Exercise aim
Restate the entries below in full, exactly as they read, but without pictures.

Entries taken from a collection
###
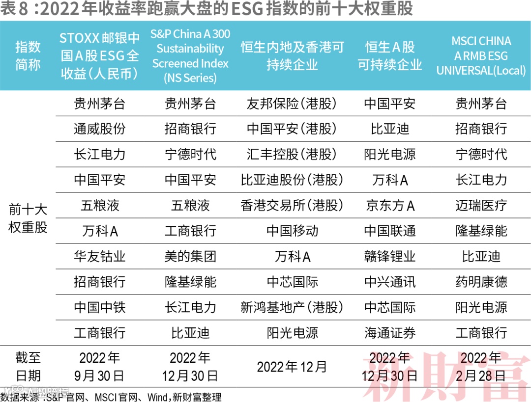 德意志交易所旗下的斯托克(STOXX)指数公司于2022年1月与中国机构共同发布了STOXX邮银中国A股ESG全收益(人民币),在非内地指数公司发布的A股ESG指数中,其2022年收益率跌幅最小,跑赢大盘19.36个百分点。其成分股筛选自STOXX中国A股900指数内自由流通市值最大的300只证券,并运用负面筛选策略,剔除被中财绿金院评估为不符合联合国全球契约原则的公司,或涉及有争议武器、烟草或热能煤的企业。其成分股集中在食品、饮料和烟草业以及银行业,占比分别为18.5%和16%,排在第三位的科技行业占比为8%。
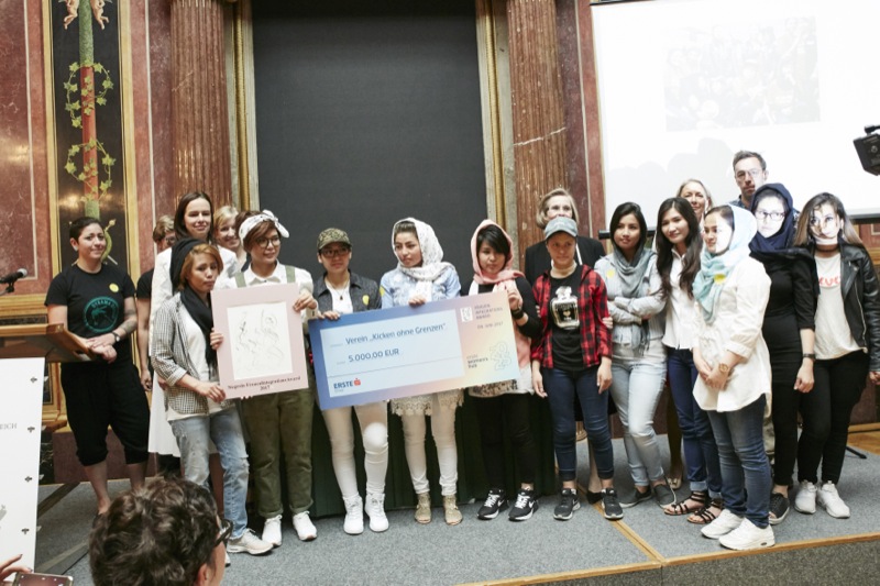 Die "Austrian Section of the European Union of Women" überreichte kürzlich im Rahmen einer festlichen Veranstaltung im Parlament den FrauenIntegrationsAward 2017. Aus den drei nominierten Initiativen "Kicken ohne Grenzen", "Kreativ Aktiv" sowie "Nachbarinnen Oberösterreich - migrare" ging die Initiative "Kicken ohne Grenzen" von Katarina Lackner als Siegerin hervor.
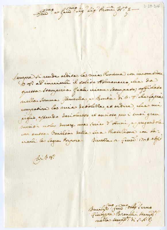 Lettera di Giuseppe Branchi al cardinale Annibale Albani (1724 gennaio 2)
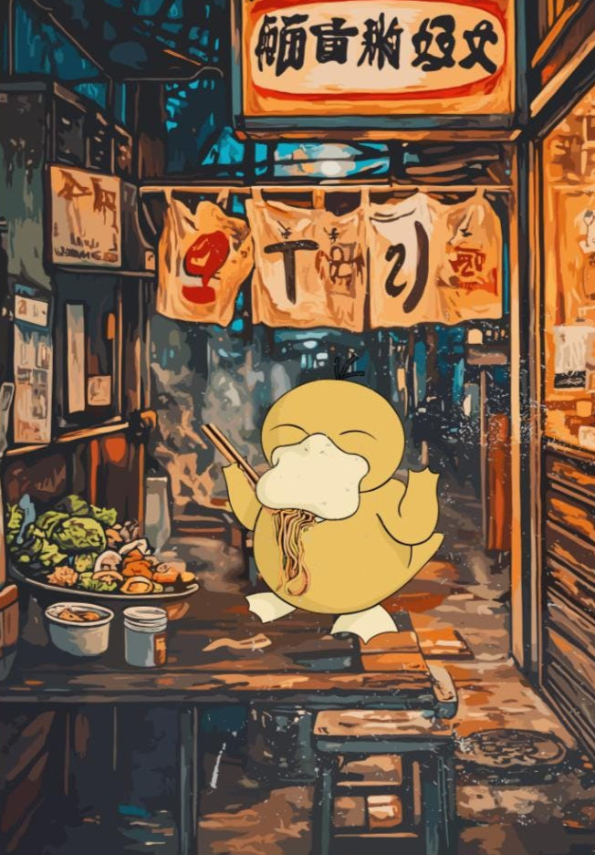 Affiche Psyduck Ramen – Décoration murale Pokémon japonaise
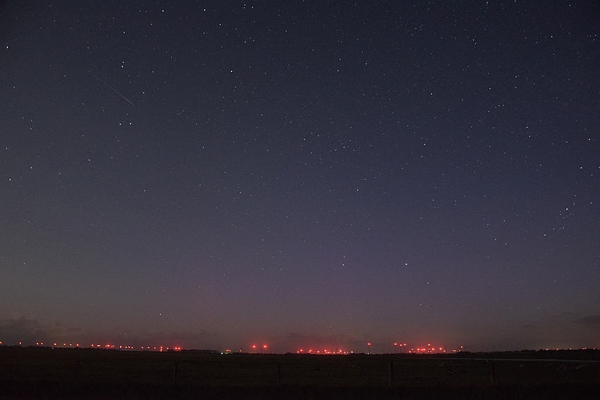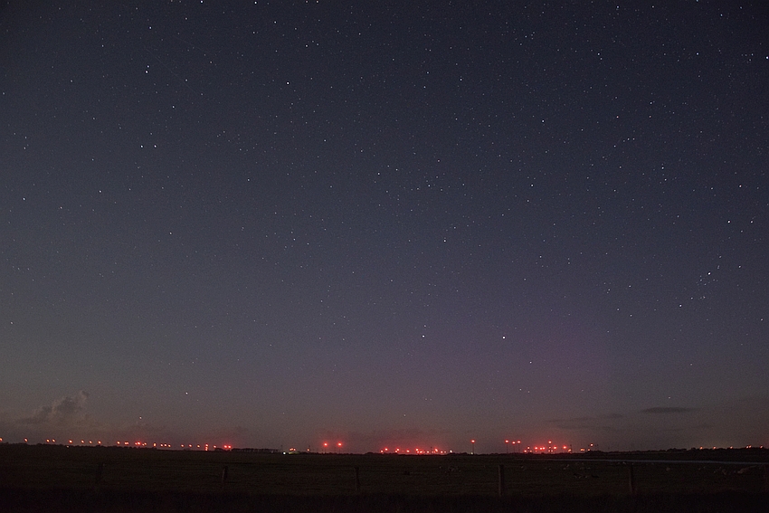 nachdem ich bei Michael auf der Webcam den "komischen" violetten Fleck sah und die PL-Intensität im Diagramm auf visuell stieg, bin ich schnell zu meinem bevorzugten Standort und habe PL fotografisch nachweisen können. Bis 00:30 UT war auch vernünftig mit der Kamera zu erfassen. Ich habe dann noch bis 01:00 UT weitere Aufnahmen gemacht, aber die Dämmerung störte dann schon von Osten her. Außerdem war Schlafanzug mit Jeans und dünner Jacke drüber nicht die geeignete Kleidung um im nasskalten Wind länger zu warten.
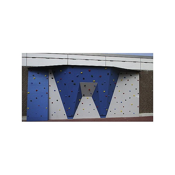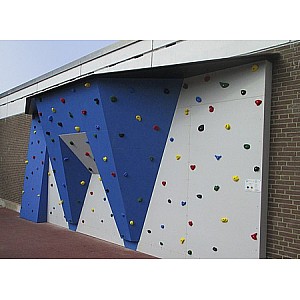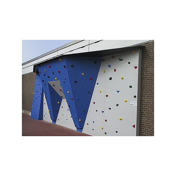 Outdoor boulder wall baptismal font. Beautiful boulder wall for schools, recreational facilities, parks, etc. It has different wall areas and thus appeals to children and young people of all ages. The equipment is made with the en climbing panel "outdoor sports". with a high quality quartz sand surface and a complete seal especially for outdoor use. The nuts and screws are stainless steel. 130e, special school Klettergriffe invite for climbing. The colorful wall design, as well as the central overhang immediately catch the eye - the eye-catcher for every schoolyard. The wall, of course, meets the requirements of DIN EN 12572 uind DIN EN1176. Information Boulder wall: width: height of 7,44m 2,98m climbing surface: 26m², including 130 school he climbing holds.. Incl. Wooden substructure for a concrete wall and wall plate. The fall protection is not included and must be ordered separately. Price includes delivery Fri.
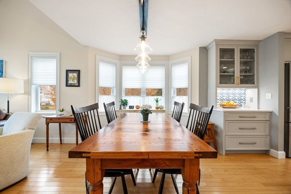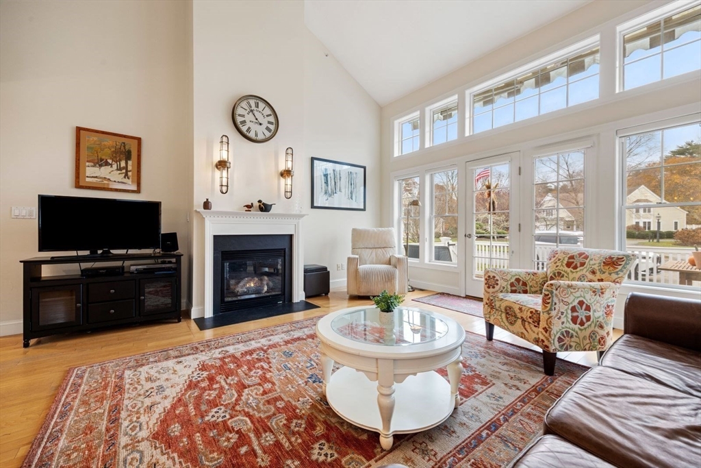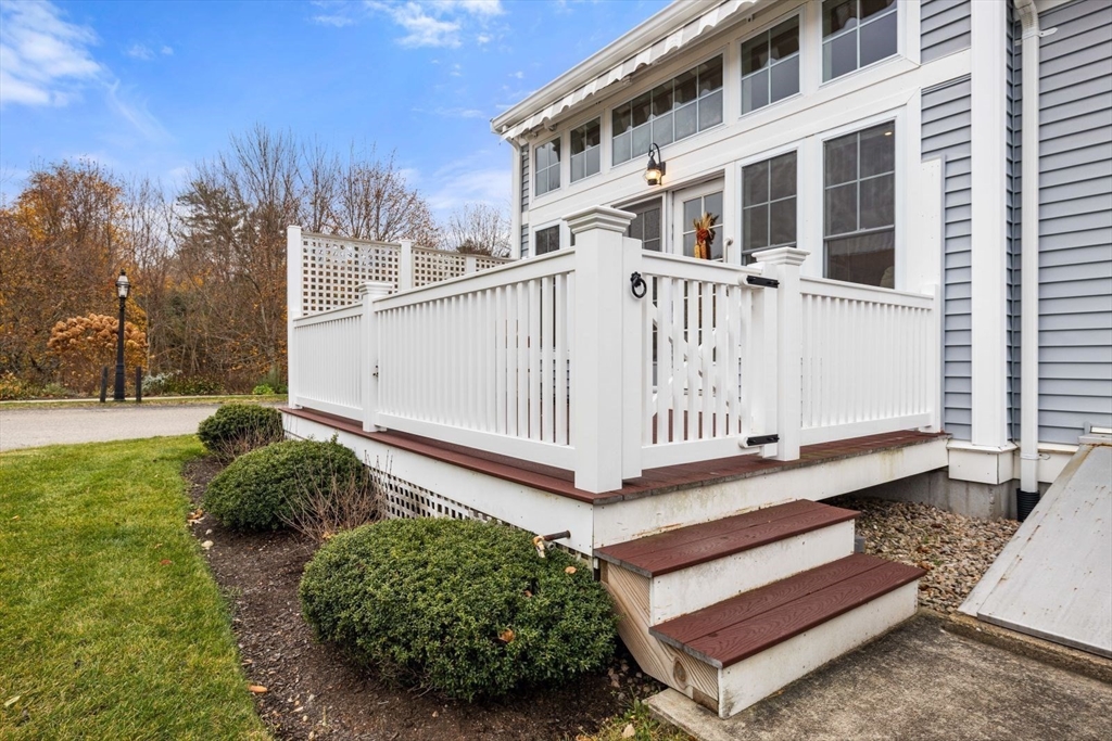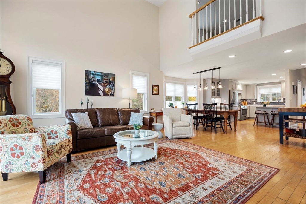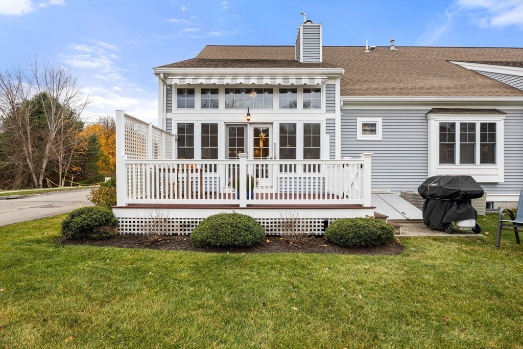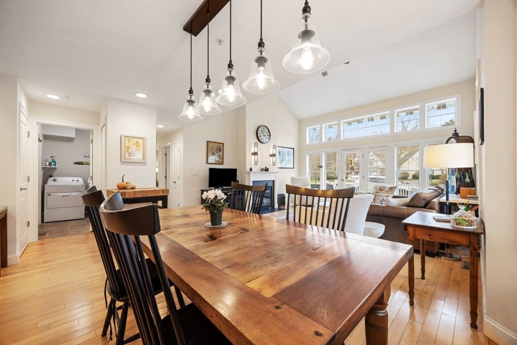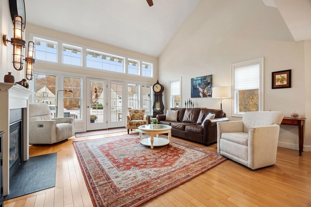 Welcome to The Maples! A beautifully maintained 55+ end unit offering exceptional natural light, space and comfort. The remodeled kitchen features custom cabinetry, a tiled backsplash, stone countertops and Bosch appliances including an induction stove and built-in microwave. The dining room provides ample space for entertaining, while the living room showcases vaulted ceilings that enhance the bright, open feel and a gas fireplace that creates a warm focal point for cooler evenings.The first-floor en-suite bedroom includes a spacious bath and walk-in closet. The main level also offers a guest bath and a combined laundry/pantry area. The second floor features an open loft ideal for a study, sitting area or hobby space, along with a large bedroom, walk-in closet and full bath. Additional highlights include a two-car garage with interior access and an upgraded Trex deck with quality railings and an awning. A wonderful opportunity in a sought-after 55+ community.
###
Answer area
 德意志交易所旗下的斯托克(STOXX)指数公司于2022年1月与中国机构共同发布了STOXX邮银中国A股ESG全收益(人民币),在非内地指数公司发布的A股ESG指数中,其2022年收益率跌幅最小,跑赢大盘19.36个百分点。其成分股筛选自STOXX中国A股900指数内自由流通市值最大的300只证券,并运用负面筛选策略,剔除被中财绿金院评估为不符合联合国全球契约原则的公司,或涉及有争议武器、烟草或热能煤的企业。其成分股集中在食品、饮料和烟草业以及银行业,占比分别为18.5%和16%,排在第三位的科技行业占比为8%。
 Die "Austrian Section of the European Union of Women" überreichte kürzlich im Rahmen einer festlichen Veranstaltung im Parlament den FrauenIntegrationsAward 2017. Aus den drei nominierten Initiativen "Kicken ohne Grenzen", "Kreativ Aktiv" sowie "Nachbarinnen Oberösterreich - migrare" ging die Initiative "Kicken ohne Grenzen" von Katarina Lackner als Siegerin hervor.
 Lettera di Giuseppe Branchi al cardinale Annibale Albani (1724 gennaio 2)
 Affiche Psyduck Ramen – Décoration murale Pokémon japonaise
 nachdem ich bei Michael auf der Webcam den "komischen" violetten Fleck sah und die PL-Intensität im Diagramm auf visuell stieg, bin ich schnell zu meinem bevorzugten Standort und habe PL fotografisch nachweisen können. Bis 00:30 UT war auch vernünftig mit der Kamera zu erfassen. Ich habe dann noch bis 01:00 UT weitere Aufnahmen gemacht, aber die Dämmerung störte dann schon von Osten her. Außerdem war Schlafanzug mit Jeans und dünner Jacke drüber nicht die geeignete Kleidung um im nasskalten Wind länger zu warten.
 Outdoor boulder wall baptismal font. Beautiful boulder wall for schools, recreational facilities, parks, etc. It has different wall areas and thus appeals to children and young people of all ages. The equipment is made with the en climbing panel "outdoor sports". with a high quality quartz sand surface and a complete seal especially for outdoor use. The nuts and screws are stainless steel. 130e, special school Klettergriffe invite for climbing. The colorful wall design, as well as the central overhang immediately catch the eye - the eye-catcher for every schoolyard. The wall, of course, meets the requirements of DIN EN 12572 uind DIN EN1176. Information Boulder wall: width: height of 7,44m 2,98m climbing surface: 26m², including 130 school he climbing holds.. Incl. Wooden substructure for a concrete wall and wall plate. The fall protection is not included and must be ordered separately. Price includes delivery Fri.
 Welcome to The Maples! A beautifully maintained 55+ end unit offering exceptional natural light, space and comfort. The remodeled kitchen features custom cabinetry, a tiled backsplash, stone countertops and Bosch appliances including an induction stove and built-in microwave. The dining room provides ample space for entertaining, while the living room showcases vaulted ceilings that enhance the bright, open feel and a gas fireplace that creates a warm focal point for cooler evenings.The first-floor en-suite bedroom includes a spacious bath and walk-in closet. The main level also offers a guest bath and a combined laundry/pantry area. The second floor features an open loft ideal for a study, sitting area or hobby space, along with a large bedroom, walk-in closet and full bath. Additional highlights include a two-car garage with interior access and an upgraded Trex deck with quality railings and an awning. A wonderful opportunity in a sought-after 55+ community.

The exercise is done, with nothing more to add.